Bahkan klub sepak bola Paris Saint-Germain (PSG) dan maskot AC Milan mengunggah konten yang terinspirasi dari gerakan tarian Pacu Jalur.
Beberapa menyebutnya sebagai “Boat Kid Aura Farming”, yang menggambarkan kehadiran karisma anak Indonesia yang mampu menembus batas geografis dan budaya.
Kekuatan Visual dan Algoritma
Mengapa bisa viral begitu cepat? Jawabannya adalah kekuatan visual budaya lokal yang disandingkan dengan algoritma platform global.
Tarian bocah Pacu Jalur memenuhi elemen konten yang disukai algoritma media sosial: unik, otentik, ekspresif, dan emosional.

Alunan musik tradisional, kostum warna-warni, ekspresi penuh percaya diri, serta nilai budaya yang kuat menjadikan video Pacu Jalur tidak hanya menarik, tapi juga menyentuh.
Inilah yang mendorong banyak pengguna dari berbagai negara untuk ikut menirukan gerakan tersebut, menjadikannya tren global dengan hashtag seperti #AuraFarming, #BoatKid, #PacuJalur, dan #IndonesianCulture.
TikTok dan Instagram menjadi panggung utama bagi tren ini. Banyak akun besar, termasuk media asing, mengangkat fenomena ini sebagai simbol kebangkitan budaya lokal di era digital.
Budaya Lokal yang Tampil Mendunia
Keberhasilan tren ini membawa dampak besar bagi pelestarian budaya.
Pemerintah Provinsi Riau dan Dinas Pariwisata Kuantan Singingi pun mengakui bahwa kehadiran tren “aura farming” memberi eksposur luar biasa bagi Festival Pacu Jalur 2025 yang akan berlangsung 20–24 Agustus mendatang di Tepian Narosa.

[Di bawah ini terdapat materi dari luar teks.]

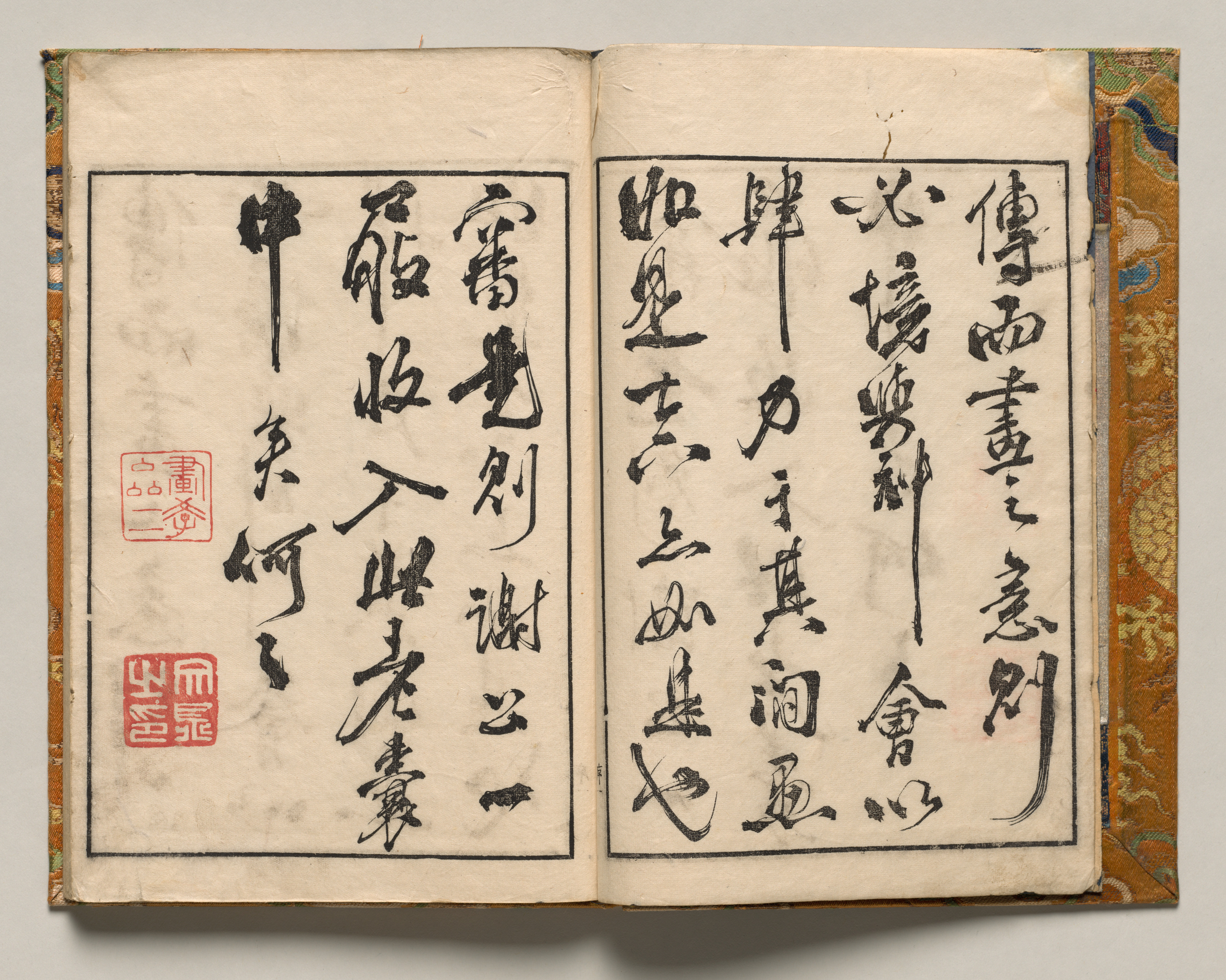 Open book showing two pages with black ink writing in a non-Latin script. Pages are off-white with darker spots and stains. Black border around the text. Two red stamps on the left page. The right edge of the book has a patterned gold border. The book is titled "Preface continued from Shazanrō Picture Book by Tani Bunchō".

Dalam sebuah wawancara, Kepala Dispar Riau Roni Rakhmat menyebut bahwa budaya lokal ini telah membuktikan daya tarik universalnya.

“Pacu Jalur adalah warisan budaya tak benda yang diakui secara nasional sejak 2014. Kini, dengan viralnya tren ini, ia menjadi representasi kekuatan budaya Indonesia di kancah internasional,” ujarnya.
Tak hanya promosi budaya, kehadiran tren ini berdampak langsung pada sektor pariwisata dan UMKM lokal. Tema Festival Pacu Jalur 2025 pun diangkat: “Pacu Jalur Mendunia, UMKM Semakin Jaya“.
Antara Digitalisasi dan Tradisi
Fenomena ini menegaskan bahwa budaya tradisional bukanlah sesuatu yang harus dikurung dalam museum atau sekadar dipentaskan dalam agenda daerah.
Justru, jika dikemas dengan kreatif dan disesuaikan dengan semangat zaman, budaya bisa melampaui batas-batas konvensional.
Komunitas-komunitas budaya lokal mulai memahami pentingnya dokumentasi visual dan distribusi digital.
Banyak guru tari, seniman lokal, hingga pelatih dayung mulai merekam aktivitas mereka dan mengunggahnya ke media sosial sebagai bagian dari pelestarian dan promosi.
Di sisi lain, keterlibatan tokoh internasional membuka peluang kolaborasi lintas budaya. Festival budaya di masa depan bisa menjadi panggung temu antara pelaku budaya lokal dan komunitas global yang terinspirasi.
Dari Teluk Kuantan untuk Dunia
Kisah Pacu Jalur dan tarian anak-anak yang viral ini menjadi pelajaran penting: bahwa budaya lokal memiliki potensi besar jika diberi ruang untuk bersinar.
Anak-anak seperti Dika bukan hanya menari untuk hiburan, tetapi juga menjadi simbol harapan dan identitas kolektif yang membanggakan.
Bukan tidak mungkin di masa depan, Pacu Jalur akan jadi daya tarik utama dalam kalender wisata budaya global.
Tren “aura farming” hanyalah awal dari gelombang baru: gelombang budaya lokal yang tampil berani, otentik, dan mendunia lewat medium digital.